_Goal of the exercise_
Output, word for word, the line that contains "Le lendemain beau" and all lines following it to the end of the listing. Drop the pictures.

_Dataset content_
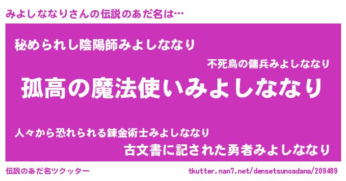 | 意味不明あだ名 | 『とにかく怪しいみよしななり』 |
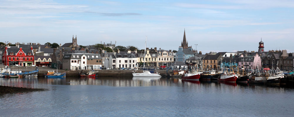 Le lendemain beau temps ensoleillé, croisière agréable jusqu'à Stromness, toujours dans les Orcades. La petite marina en cette fin de juillet est loin d'être bondée, y trouver une place ne sera pas difficile. La ville s'étire en une interminable rue pavée et sinueuse le long de la grève où s'alignent des maisons à pignon possédant chacune son embarcadère. Port de pêche encore actif même si la pêche au hareng et à la baleine, qui fit sa richesse et celle de la Hudson's Bay Company, appartient maintenant au passé.
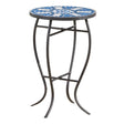 Outdoor Round Side Table With Mosaic Style Top And Curved Iron Legs - Blue / Matte Black

_Solution to this exercise_
 Le lendemain beau temps ensoleillé, croisière agréable jusqu'à Stromness, toujours dans les Orcades. La petite marina en cette fin de juillet est loin d'être bondée, y trouver une place ne sera pas difficile. La ville s'étire en une interminable rue pavée et sinueuse le long de la grève où s'alignent des maisons à pignon possédant chacune son embarcadère. Port de pêche encore actif même si la pêche au hareng et à la baleine, qui fit sa richesse et celle de la Hudson's Bay Company, appartient maintenant au passé.
 Outdoor Round Side Table With Mosaic Style Top And Curved Iron Legs - Blue / Matte Black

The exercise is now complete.